Hi Dan,
I'm happy to have good faith discussions, but when you start your comment with "BROKEN LOGIC." I get the idea that you don't really want to have a conversation.
I'll give you the benefit of the doubt here one more time, but I certainly don't know how you made any of your conclusions.
I've been working on a related article, but it's still a ways off from publishing.
It might be irrelevant, but the title of this article was chosen because many venture capitalists and startups are using the hype behind crypto and web3 technologies like DAOs and social tokens to suggest that creators are all going to "own" the next generation of platforms and share the wealth. The economics of power law distributions show that is impossible.
I used to interview creators in the travel space, starting at about 2008. EVERYONE I know that is still creating has built a successful business out of it. Many are multi-million dollar businesses.
No one fails forever.
Of course, creating as a business is different than creating as a hobby, but that argument is not relevant because I'm talking about the "creator economy" here.
Almost everyone gives up early. It's very hard to find statistics, but most (I guess 70%+) will give up within the first year.
In the article, I shared that 64% of podcasters don't get past 10 episodes.
Giving up before 10 episodes is not, "expending enormous effort and failing to receive minimum wage pay for that effort" like you claim.

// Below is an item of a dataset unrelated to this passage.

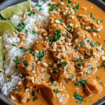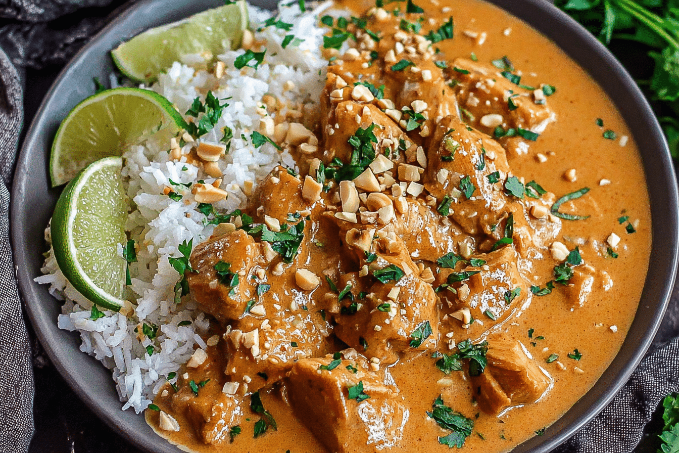 This meal carries a balance of nutty peanut butter, light coconut milk, garlic, and a hint of spice. As it cooks, the sauce thickens slightly and coats each piece of chicken with smooth texture and deep flavor.

Most give up before they've developed any skills, learned how to promote , or built an audience. This is almost no effort in my view.
That is good for serious creators. Getting to the top 10% or 20% of creators generally means just showing up every day consistently.
Every thing you publish helps you get more follows, likes, backlinks, organic traffic, fans and sales. It all cumulates. The longer you do this, the higher up the power law distribution you will move.
You don't need to wait to be discovered. You don't need lots of money. You don't need famous parents to succeed. There are no barriers to entry and the cost of failure is essentially zero.
As Sahil Blom recently said in a podcast, "Today is literally the best time in history to be an entrepreneur and to be someone who has a bias for action."